Untuk sesaat Delima masih berdiri di dekat bangku sembari memandangi punggung Keisha yang berlalu dengan menuntun sepeda gunungnya. Senyum di bibir sang gadis tidak terputus, bahkan sampai ketika ia memutar tubuh, dan melangkah ke arah timur lewat sisi selatan danau.

***

Hujan memang turun dengan cukup lebat sudah lebih dari satu jam sehingga kawasan di dekat danau itu menjadi terasa sangat dingin. Kondisi itu diperparah dengan tiupan angin yang sesekali sanggup membuat ngilu gendang telinga dengan suara desaunya yang luar biasa. Untungnya, hujan kali ini tidak disertai dengan petir.

Delima duduk memeluk lutut dengan tubuh yang berbalut selimut tebal—hanya memperlihatkan sedikit bagian wajahnya saja. Sang dara duduk di atas kursi bambu di balai-balai samping rumah. Tatapannya tertuju pada kuntum-kuntum teratai tiga warna yang ada di dalam kolam pemandian keluarganya itu.

"Kau tidak kedinginan?" tanya sang nenek yang memerhatikan tingkah sang cucu dari ambang pintu samping. "Duduk di luar seperti itu?"

Delima menggeleng-geleng.

Sang nenek tertawa pelan. Dasar, pikirnya, sudah jelas-jelas dia kedinginan malah mengaku tidak.

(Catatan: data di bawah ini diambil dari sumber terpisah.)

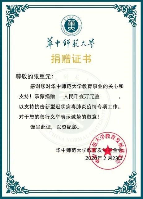 2月23日,远在西安的数统学院1962级02班校友张重元向华中师范大学教育发展基金会捐款一万元。尽管学院校友工作联系人再三婉拒,但张老师坚持道:“母校对我是大海一般的恩情,现在武汉情况危急,学校有困难,我一定要尽一份力?!?/p>
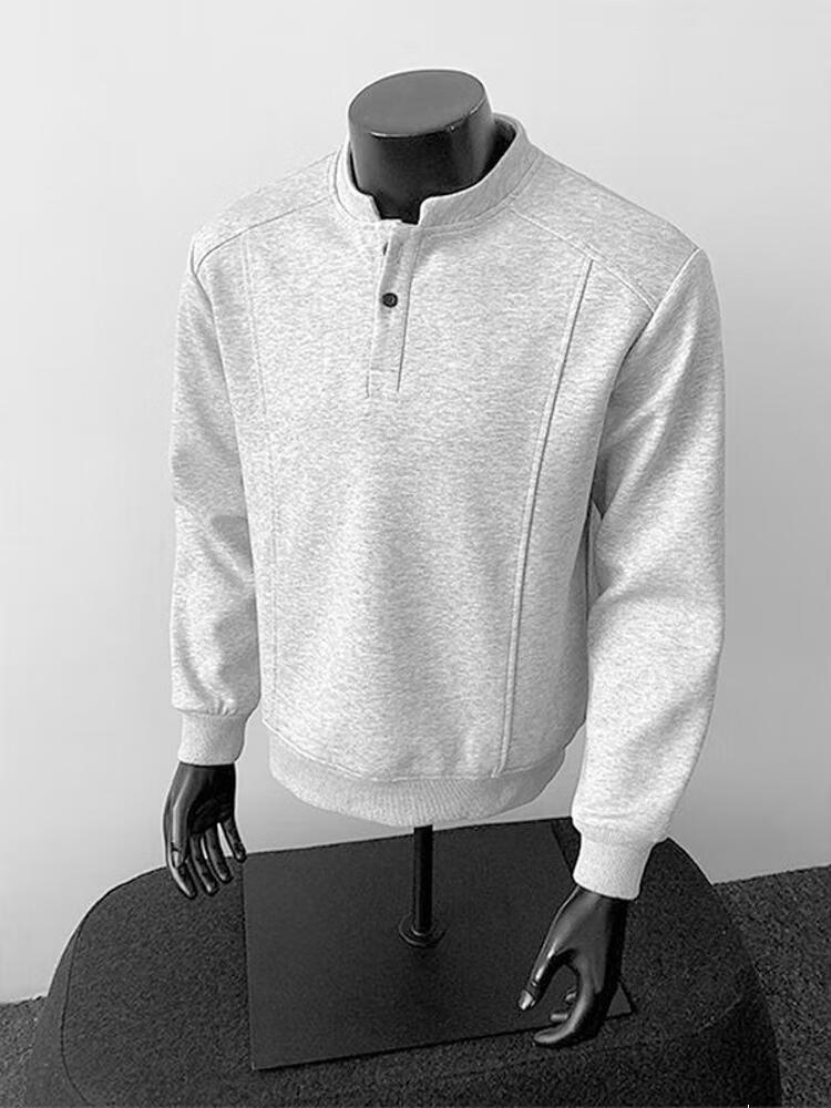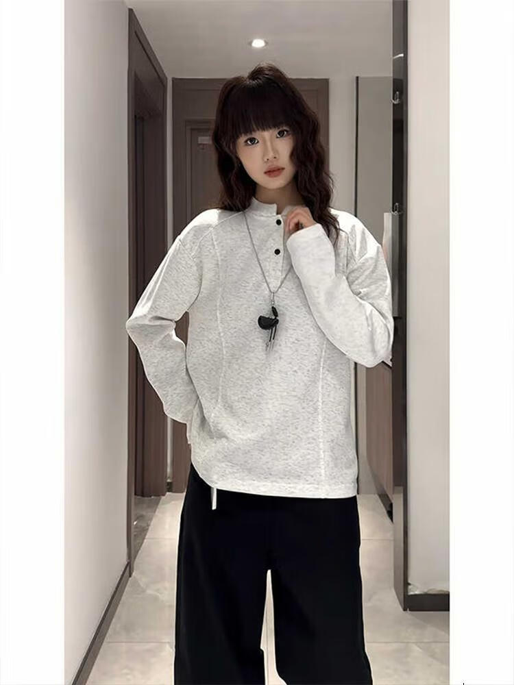 Katuchi Henry collar long-sleeved polo shirt for men in autumn American deconstructed splicing right shoulder sweatshirt boxy version inner base light gray L

"Untuk apa kau tutupi tubuhmu dengan selimut setebal itu kalau kau memang tidak kedinginan?"

Delima tertawa halus mendengar ucapan sang nenek.

"Masuklah. Di dalam kau bisa lebih hangat."

"Delima masih mau di sini sebentar lagi, Nek."

"Aah, terserah kau sajalah."

Sang nenek pun meninggalkan ambang pintu, lalu duduk di salah satu kursi yang ada di ruang tengah.

Satu set kursi dan meja itu terbuat dari kayu jati yang sudah terlihat sangat tua dan klasik. Bantalan duduk dan sandaran kursi-kursi tersebut memiliki warna dasar biru pudar dengan motif bunga.

Delisa tertawa pelan sembari menuangkan teh madu mahkota dewa ke dalam cangkir keramik.